Preface
This article describes how to implement parallel computing from the perspective of GPU programming technology.
Three important issues to be considered in parallel computing
1. synchronization problems
In the course on operating system principles, we have learned about deadlocks between processes and critical resource issues caused by resource sharing.
2. Concurrency
Some problems are "Easy parallelism", such as matrix multiplication. In this type of problem, the output results of each computing unit are independent of each other, and such problems can be easily solved (The problem can be solved even by calling several class libraries ).
However, if there is a dependency between each operational unit, the problem becomes complicated. In cuda, intra-block communication is implemented through shared memory, while inter-block communication can only be implemented through global memory.
The Cuda parallel programming architecture can be described by grid: a grid is better than an army. The grid is divided into multiple parts, which are like each Department of the Army (such as the Logistics Department, headquarters, and Communication Department ). Each block is divided into multiple thread bundles, which are similar to the internal team of the Department and can help you understand:
3. locality
In terms of operating system principles, we have made a key introduction to locality. Simply put, we will introduce the previously accessed data (Time locality) and the recently accessed data (space locality) stored in the cache.
In GPU programming, locality is also very important. This is reflected in that the data to be computed should be sent to the video memory as much as possible before computing, in the iteration process, we must minimize the data transmission between memory and memory. This is very important in actual projects.
For GPU programming, the program needs to manage the memory by itself, or in other words, implement the locality by itself.
Two types of Parallel Computing
1. Task-Based Parallel Processing
In this parallel mode, computing tasks are divided into several small but different tasks. For example, some computing units are responsible for data acquisition, some computing units are responsible for computing, and some are responsible ...... such a large task can form a pipeline.
Note that the efficiency bottleneck of the pipeline lies in the computing unit with the lowest efficiency.
2. Data-based parallel processing
In this parallel mode, data is divided into multiple parts, so that multiple computing units can calculate these small pieces of data separately and then summarize them.
In general, the multi-thread programming of CPU tends to be in the first parallel mode, while the GPU parallel programming mode tends to be in the second mode.
Common Parallel Optimization objects
1. Loop
This is also the most common mode for each thread to process one or a group of data in a loop.
This type of optimization must be careful with the dependencies between each computing unit and its own previous iteration results.
2. derivation/collection mode
In this mode, most of them are serial code, but some sections of the code can be processed in parallel.
A typical scenario is that different parts of an input queue need to be processed differently when the serial processing reaches a certain time point, in this way, you can divide them into multiple computing units to process (derived) the queue, and then summarize (that is, aggregate) it ).
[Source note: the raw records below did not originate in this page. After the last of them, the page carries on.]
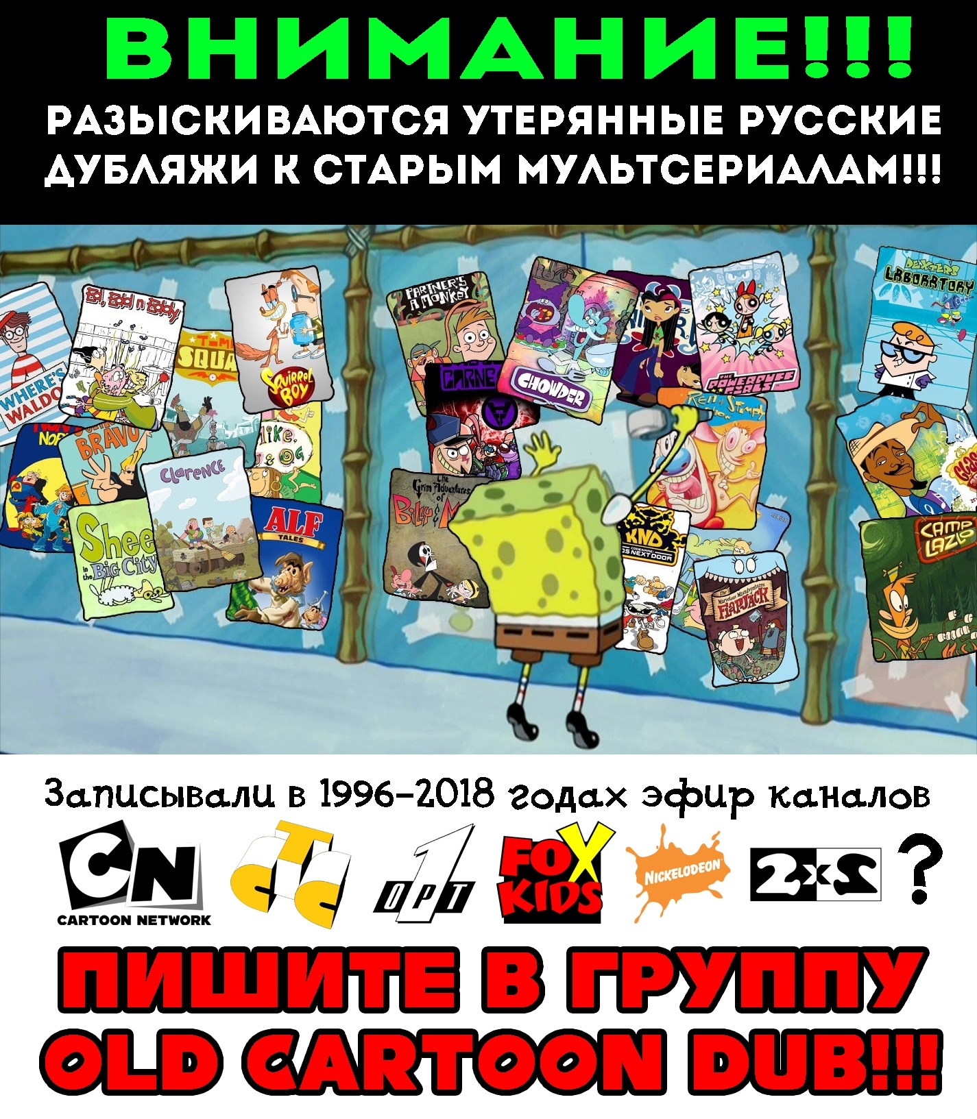 Хочу создать сообщество "Old Cartoon Dub - поиски утраченных дубляжей" с целью вести поиски безвозвратно утраченных русскоязычных аудиодорожек к старым мультсериалам и сопутствующим им телешоу, которые раннее транслировались на таких телеканалах, как "Cartoon Network", "Nickelodeon", "2x2", "СТС", "ТВ-3", "ТВ-6", "FOX kids", "ОРТ" и т.д.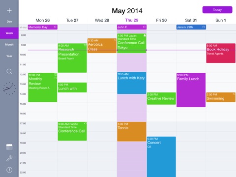 • Time Zone support makes scheduling international meetings a breeze. When enabled, an event will display its time, date and time zone if different to the current system time zone. So you can easily see that your 9:00am conference call from the UK will occur at 5:00pm in Japan.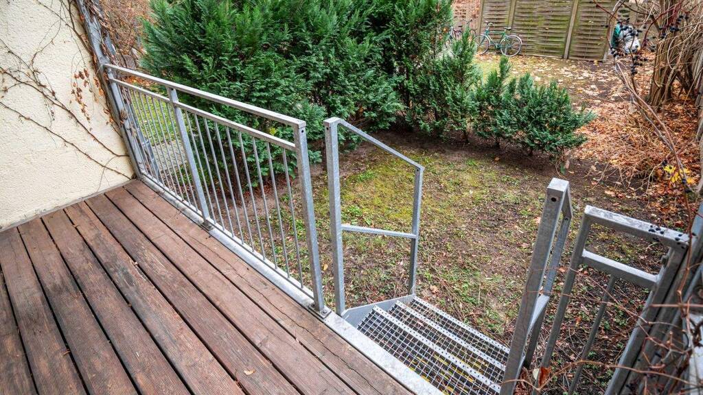 Bereits beim Betreten der Wohnung eröffnet sich ein weitläufiger Flur, der direkt in den offenen Küchenbereich führt. Hier befindet sich eine gepflegte Einbauküche. Von der Küche aus gelangt man auf den hofseitig gelegenen Süd-Balkon - ein sonniger Platz für entspannte Stunden im Freien. Über wenige Treppenstufen erreicht man zudem einen kleinen, separaten Gartenanteil, der ausschließlich zur Wohnung gehört und zusätzlichen privaten Freiraum bietet.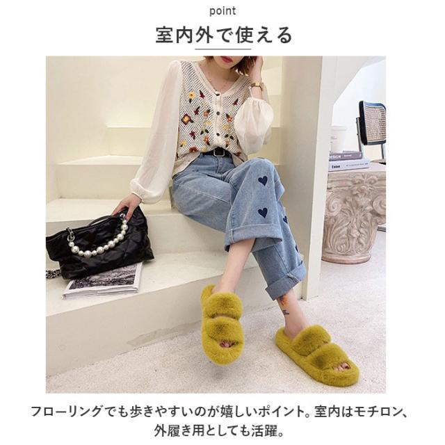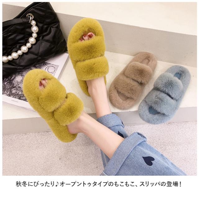 もこもこ スリッパ 通販 ルームシューズ ルームスリッパ ルームサンダル 前開きスリッパ 秋 冬用 室内履き オープントゥ ボア フェイクファー 暖かい あったかい かわいい ふわふわ
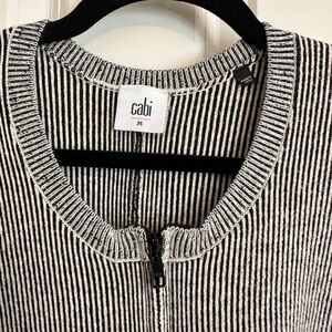 Elevate your wardrobe with the Cabi Shark Bite Navy and White Cardigan, featuring a chic open front design and a relaxed fit. This stylish sweater combines comfort and elegance, making it a versatile addition to any outfit. Has a zipper front. Zipper can be worn front or back. Ties on each side. EXCELLENT used condition, pet and smoke free home. No stains or signs of wear.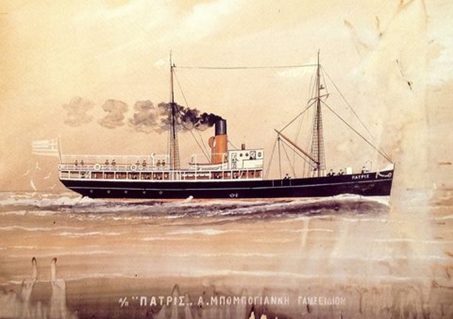 Το επιβατηγό ατμόπλοιο «Πατρίς» είχε ναυπηγηθεί το 1902 στην Γαλλία σαν σιδερένιο αλιευτικό πλοίο με το όνομα Saint Remi και μερικά χρόνια αργότερα είχε αγοραστεί από τους αδερφούς Χατζηκωνσταντή και μετονομάστηκε σε «Πατρίς».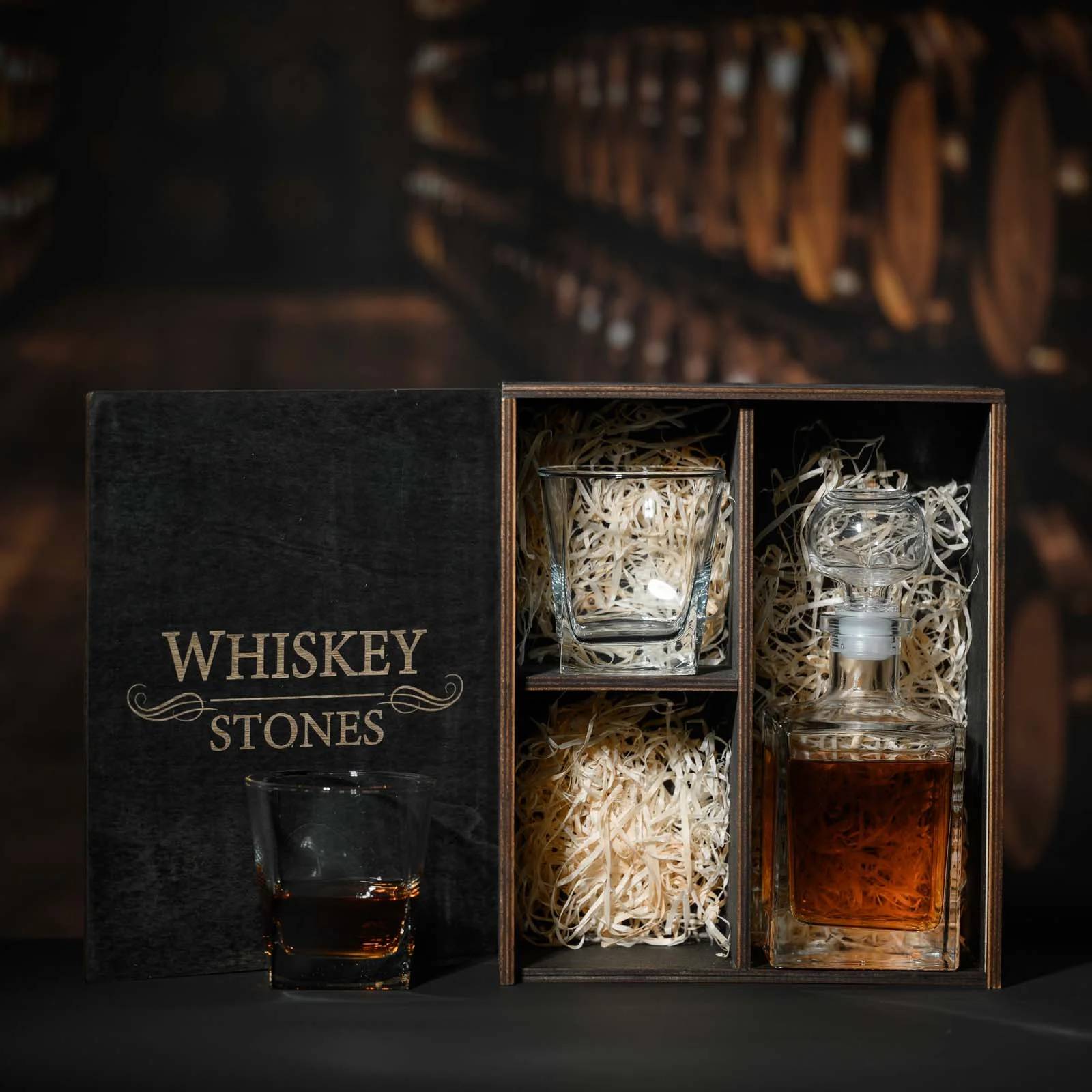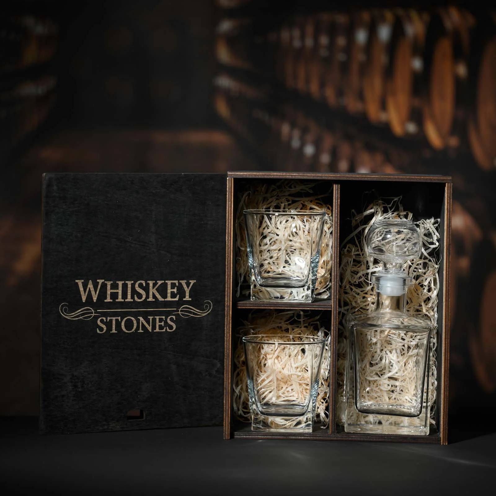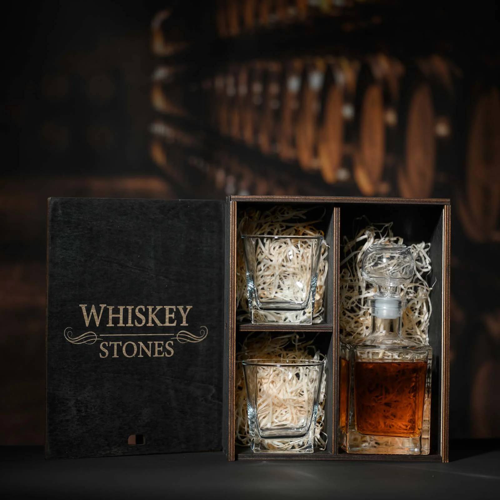 Изысканный подарок, который сочетает в себе эстетику, практичность и атмосферу особого момента. Стеклянные элементы набора — декантер и два стакана — выполнены в классическом стиле и помещены в эффектный деревянный пенал с гравировкой Whiskey Stones. Это не просто упаковка — это часть ритуала.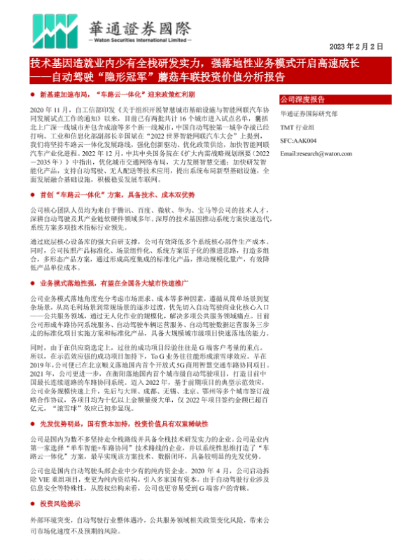 【华通证券国际】【20230202】自动驾驶“隐形冠军”蘑菇车联投资价值分析报告-47页 行业研究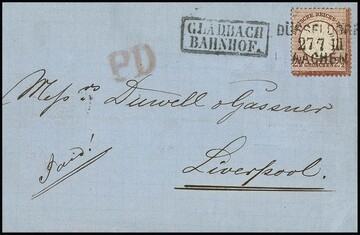 2 1/2 Gr. lilabraun auf Kabinettbrief mit besserem Bahnpost-Stations-Ra2 "Gladbach Bahnhof" und Zug-L3 "Düsseldorf-Aachen" nach Liverpool. Attest Krug. Mi. 1200,- + Stempel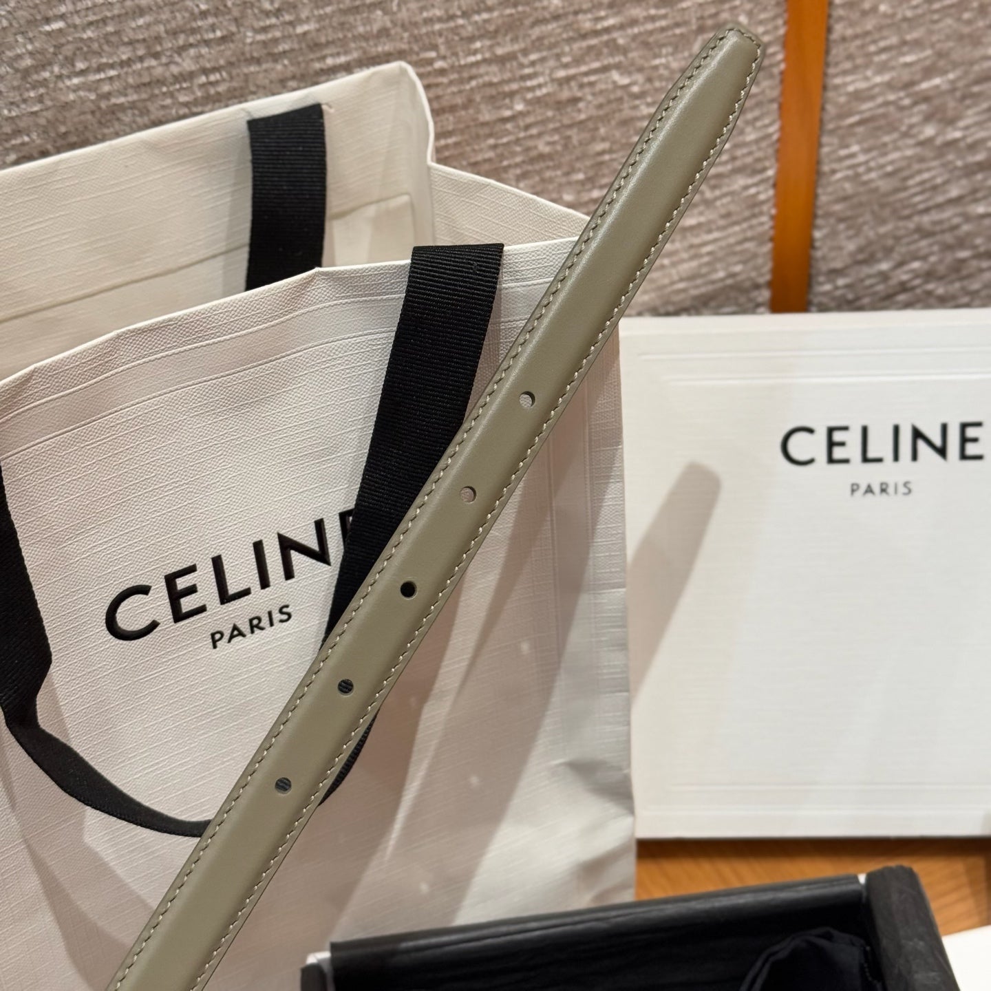 CEL Triomphe Belt 18mm Etoupe Gold Calfskin 187492

This mode is often used when concurrent events are not specified in advance and has "dynamic concurrency ".
3. Shard/shard Mode
For extremely large data (such as climate models), data can be divided into blocks for parallel computing.
4. Divide and conquer
The vast majority of recursive algorithms, such as quick sorting, can be converted to iterative models, while iterative models can be mapped to GPU programming models.
In particular, although both the fermion architecture and the GPU of the Kepler architecture support the buffer stack, the recursive model can be directly converted to the GPU parallel model. However, for program efficiency, we 'd better convert it into an iterative model when the development time permits.